Top of Provided records

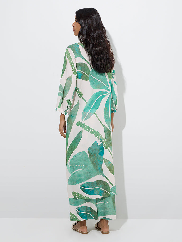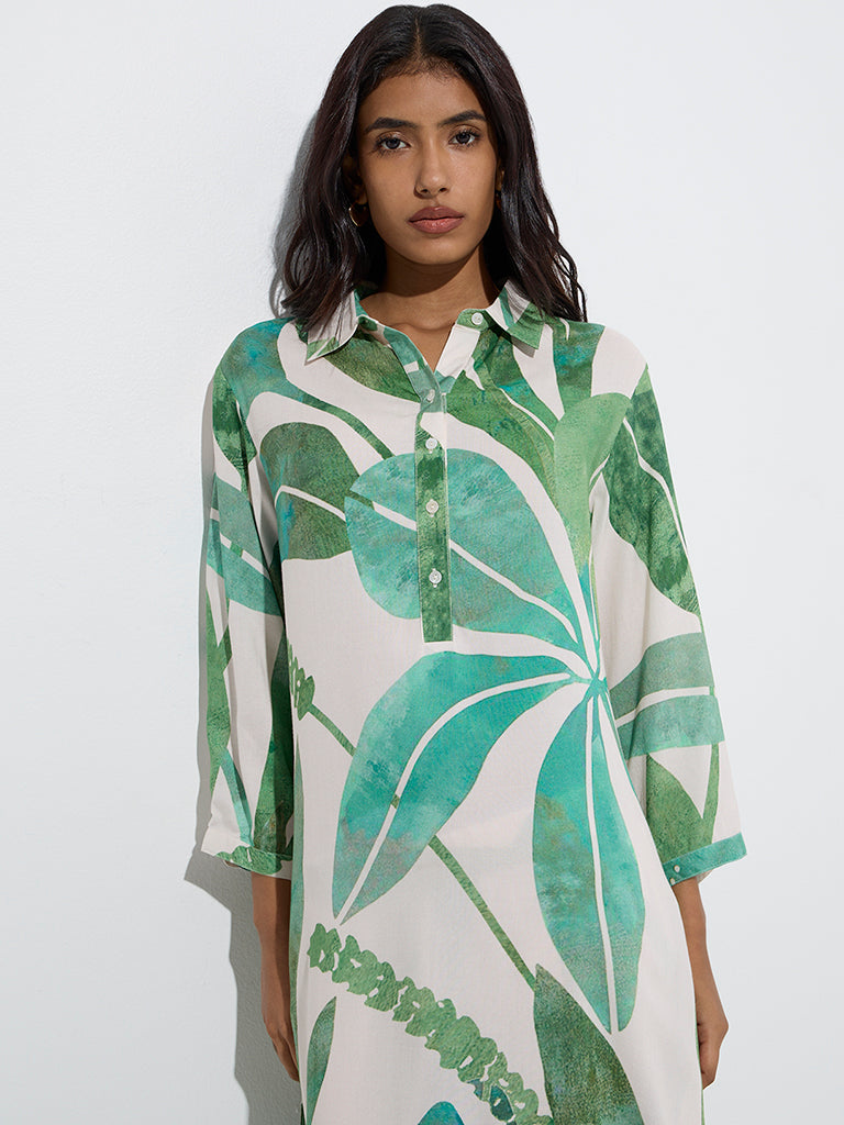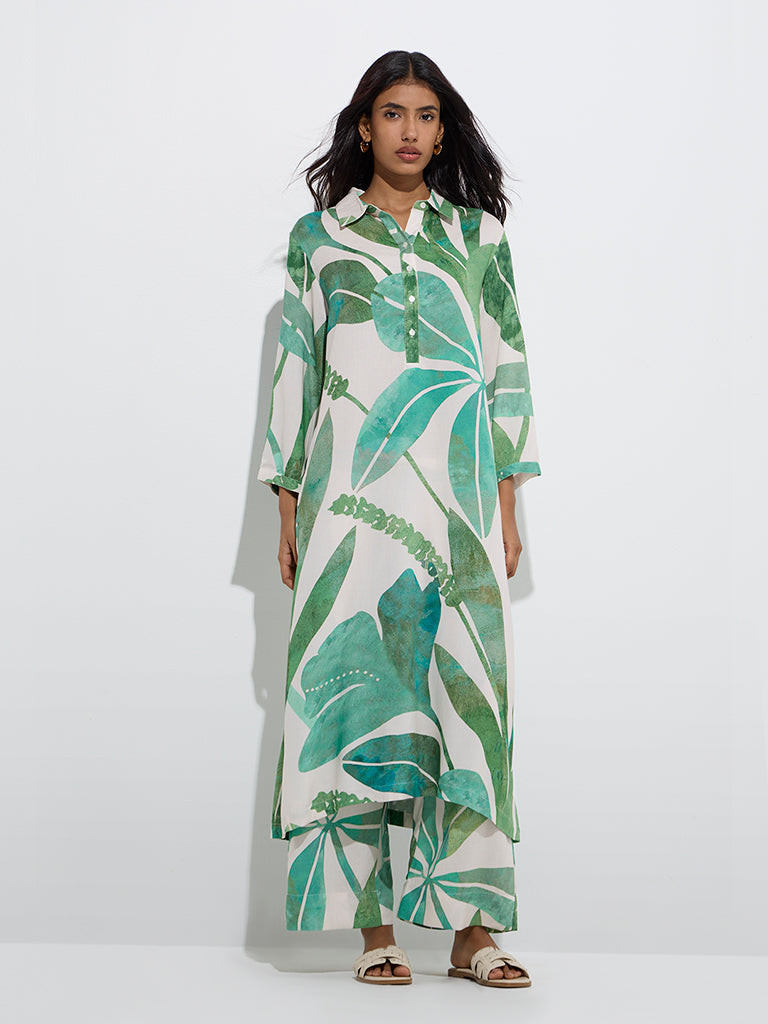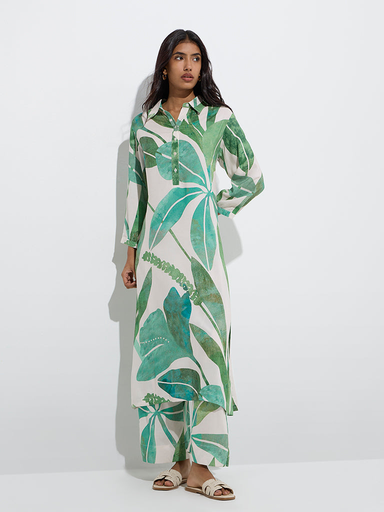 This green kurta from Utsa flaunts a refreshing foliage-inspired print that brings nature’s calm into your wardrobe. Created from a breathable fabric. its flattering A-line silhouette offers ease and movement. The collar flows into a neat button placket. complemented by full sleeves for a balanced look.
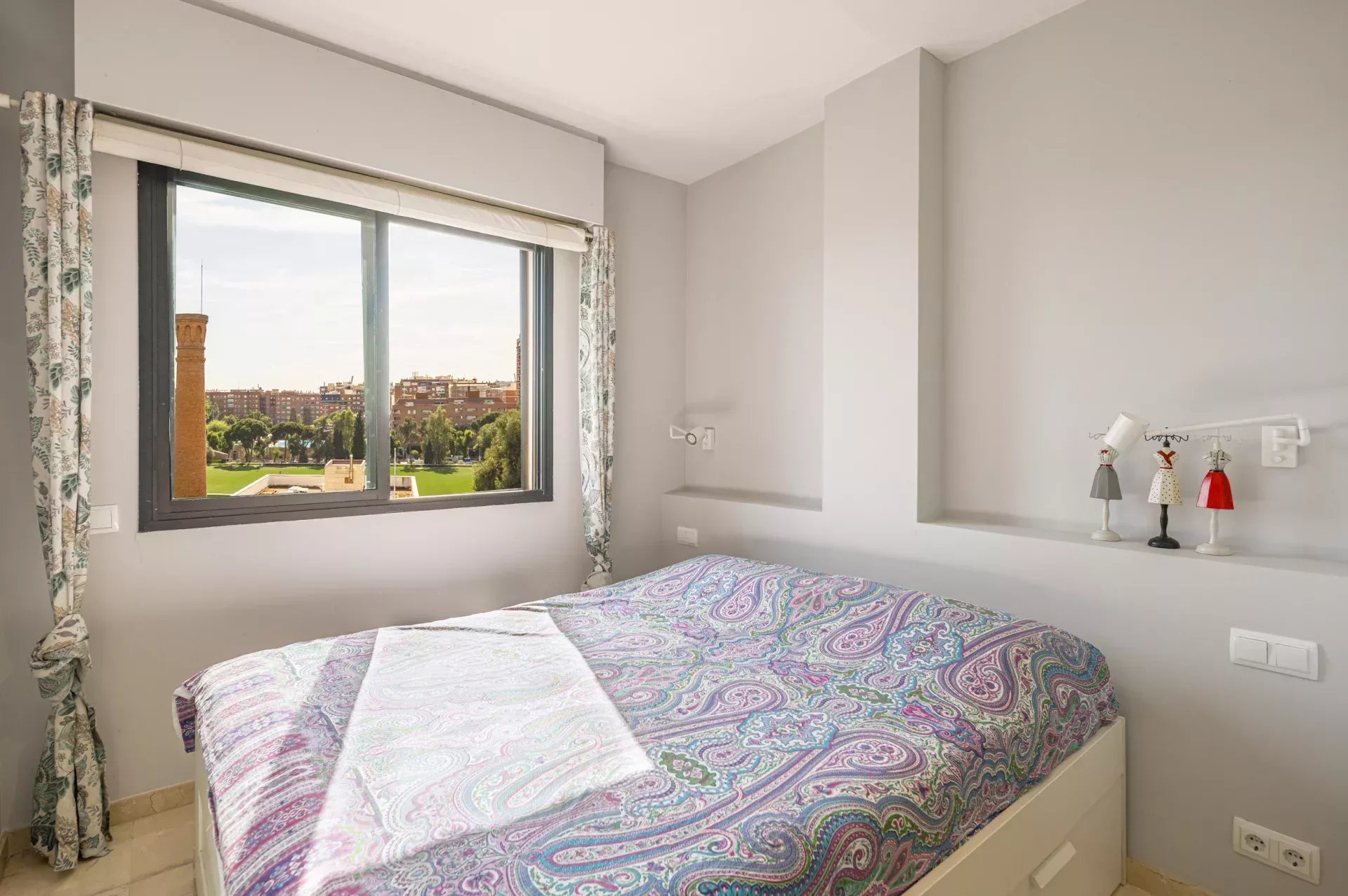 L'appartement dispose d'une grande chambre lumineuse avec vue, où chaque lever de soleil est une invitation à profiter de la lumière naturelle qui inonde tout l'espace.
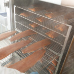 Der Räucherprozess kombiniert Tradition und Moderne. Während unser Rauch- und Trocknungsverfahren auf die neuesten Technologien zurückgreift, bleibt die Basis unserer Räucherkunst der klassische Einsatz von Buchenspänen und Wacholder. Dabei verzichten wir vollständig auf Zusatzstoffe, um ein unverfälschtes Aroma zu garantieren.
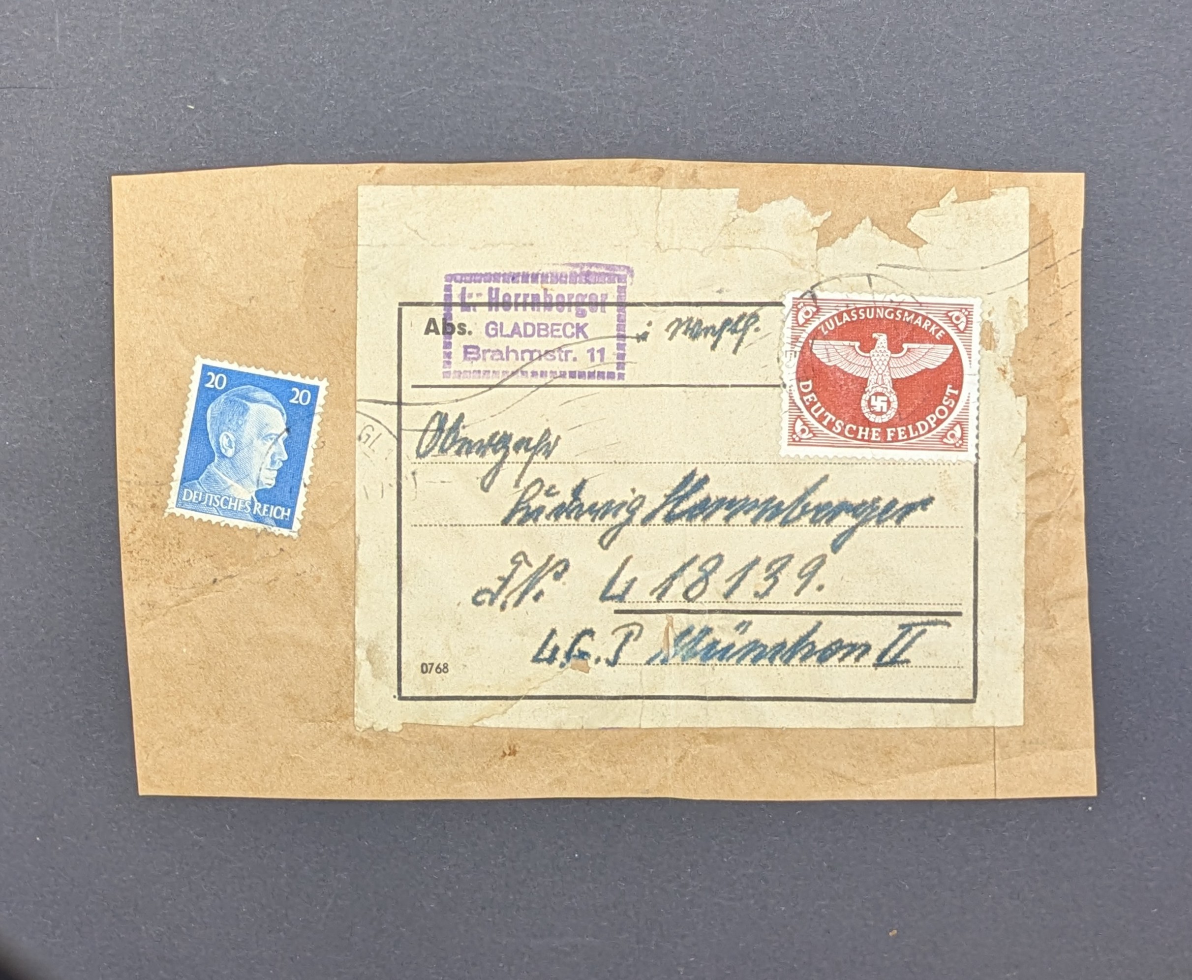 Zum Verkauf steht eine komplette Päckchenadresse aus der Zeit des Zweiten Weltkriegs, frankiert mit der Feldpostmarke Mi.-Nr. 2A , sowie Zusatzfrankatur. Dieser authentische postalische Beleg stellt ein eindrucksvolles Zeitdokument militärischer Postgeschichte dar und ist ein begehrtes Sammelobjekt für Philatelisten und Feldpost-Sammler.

Bottom of Provided records
Top of Provided records

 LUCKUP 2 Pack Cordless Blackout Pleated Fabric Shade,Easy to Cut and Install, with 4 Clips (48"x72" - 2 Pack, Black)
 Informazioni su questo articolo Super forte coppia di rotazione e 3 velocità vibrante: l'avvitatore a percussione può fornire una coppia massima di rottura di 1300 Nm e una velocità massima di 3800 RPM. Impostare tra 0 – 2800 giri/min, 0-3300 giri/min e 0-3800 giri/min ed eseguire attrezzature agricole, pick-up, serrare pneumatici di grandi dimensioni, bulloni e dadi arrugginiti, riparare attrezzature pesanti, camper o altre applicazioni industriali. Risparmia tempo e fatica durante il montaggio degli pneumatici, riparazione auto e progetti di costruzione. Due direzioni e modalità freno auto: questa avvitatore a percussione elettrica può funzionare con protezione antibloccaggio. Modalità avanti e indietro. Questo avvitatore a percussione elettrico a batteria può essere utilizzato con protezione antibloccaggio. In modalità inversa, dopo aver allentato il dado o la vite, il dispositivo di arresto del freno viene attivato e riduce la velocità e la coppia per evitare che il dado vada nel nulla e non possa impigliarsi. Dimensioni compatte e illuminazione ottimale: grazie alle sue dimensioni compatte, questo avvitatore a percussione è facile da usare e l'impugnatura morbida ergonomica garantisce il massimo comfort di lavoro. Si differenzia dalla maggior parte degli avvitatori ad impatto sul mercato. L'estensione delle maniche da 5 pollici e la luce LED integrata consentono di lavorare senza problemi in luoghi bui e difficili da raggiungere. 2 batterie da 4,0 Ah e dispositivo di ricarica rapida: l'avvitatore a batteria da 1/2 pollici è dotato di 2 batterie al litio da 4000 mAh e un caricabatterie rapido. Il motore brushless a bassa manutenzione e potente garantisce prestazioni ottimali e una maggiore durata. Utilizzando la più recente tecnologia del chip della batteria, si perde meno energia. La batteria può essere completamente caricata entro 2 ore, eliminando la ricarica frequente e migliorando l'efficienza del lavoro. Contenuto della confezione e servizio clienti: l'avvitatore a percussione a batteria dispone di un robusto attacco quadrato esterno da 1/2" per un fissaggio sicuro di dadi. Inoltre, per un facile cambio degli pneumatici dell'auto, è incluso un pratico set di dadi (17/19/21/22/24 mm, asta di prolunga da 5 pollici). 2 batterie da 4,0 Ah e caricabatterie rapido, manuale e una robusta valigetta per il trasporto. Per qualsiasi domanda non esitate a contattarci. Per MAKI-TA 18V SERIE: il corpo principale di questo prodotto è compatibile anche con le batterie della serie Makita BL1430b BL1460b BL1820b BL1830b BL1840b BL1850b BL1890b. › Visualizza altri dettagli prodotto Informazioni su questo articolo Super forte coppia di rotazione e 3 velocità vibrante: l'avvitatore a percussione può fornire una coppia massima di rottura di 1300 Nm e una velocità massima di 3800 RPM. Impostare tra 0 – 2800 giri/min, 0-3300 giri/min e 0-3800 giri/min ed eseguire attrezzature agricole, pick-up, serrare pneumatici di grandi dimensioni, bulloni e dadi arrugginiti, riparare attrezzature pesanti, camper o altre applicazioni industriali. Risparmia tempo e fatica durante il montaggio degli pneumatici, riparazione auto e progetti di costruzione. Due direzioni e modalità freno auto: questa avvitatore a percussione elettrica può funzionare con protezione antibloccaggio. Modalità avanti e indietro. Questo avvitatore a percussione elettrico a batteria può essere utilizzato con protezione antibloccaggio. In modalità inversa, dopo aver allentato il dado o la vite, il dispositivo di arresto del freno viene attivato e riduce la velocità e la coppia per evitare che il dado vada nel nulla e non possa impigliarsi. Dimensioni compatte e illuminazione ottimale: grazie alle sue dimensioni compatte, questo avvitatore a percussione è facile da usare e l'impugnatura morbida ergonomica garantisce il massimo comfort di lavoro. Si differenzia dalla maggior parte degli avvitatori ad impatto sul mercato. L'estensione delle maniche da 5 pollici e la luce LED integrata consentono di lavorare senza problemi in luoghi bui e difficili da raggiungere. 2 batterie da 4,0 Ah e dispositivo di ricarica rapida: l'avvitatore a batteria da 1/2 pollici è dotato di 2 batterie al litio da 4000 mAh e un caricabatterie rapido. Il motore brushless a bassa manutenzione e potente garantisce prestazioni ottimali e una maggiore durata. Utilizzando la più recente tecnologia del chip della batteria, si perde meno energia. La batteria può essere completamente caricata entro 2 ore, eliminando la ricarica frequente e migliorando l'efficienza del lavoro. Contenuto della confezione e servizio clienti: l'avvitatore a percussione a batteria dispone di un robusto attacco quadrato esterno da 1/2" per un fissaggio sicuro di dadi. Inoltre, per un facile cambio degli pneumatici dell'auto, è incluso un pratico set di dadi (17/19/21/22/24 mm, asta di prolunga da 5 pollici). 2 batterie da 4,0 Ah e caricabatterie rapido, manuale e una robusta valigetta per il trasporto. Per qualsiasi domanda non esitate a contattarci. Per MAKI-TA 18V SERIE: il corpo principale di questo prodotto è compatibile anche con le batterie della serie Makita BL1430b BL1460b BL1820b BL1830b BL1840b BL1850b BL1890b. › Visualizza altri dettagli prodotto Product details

Bottom of Provided records

What the task requires: Reproduce exactly the lines above that run from the one with "This green kurta" to the one with "Zum Verkauf steht", both included, leaving pictures out.

Answer for the task:
 This green kurta from Utsa flaunts a refreshing foliage-inspired print that brings nature’s calm into your wardrobe. Created from a breathable fabric. its flattering A-line silhouette offers ease and movement. The collar flows into a neat button placket. complemented by full sleeves for a balanced look.
 L'appartement dispose d'une grande chambre lumineuse avec vue, où chaque lever de soleil est une invitation à profiter de la lumière naturelle qui inonde tout l'espace.
 Der Räucherprozess kombiniert Tradition und Moderne. Während unser Rauch- und Trocknungsverfahren auf die neuesten Technologien zurückgreift, bleibt die Basis unserer Räucherkunst der klassische Einsatz von Buchenspänen und Wacholder. Dabei verzichten wir vollständig auf Zusatzstoffe, um ein unverfälschtes Aroma zu garantieren.
 Zum Verkauf steht eine komplette Päckchenadresse aus der Zeit des Zweiten Weltkriegs, frankiert mit der Feldpostmarke Mi.-Nr. 2A , sowie Zusatzfrankatur. Dieser authentische postalische Beleg stellt ein eindrucksvolles Zeitdokument militärischer Postgeschichte dar und ist ein begehrtes Sammelobjekt für Philatelisten und Feldpost-Sammler.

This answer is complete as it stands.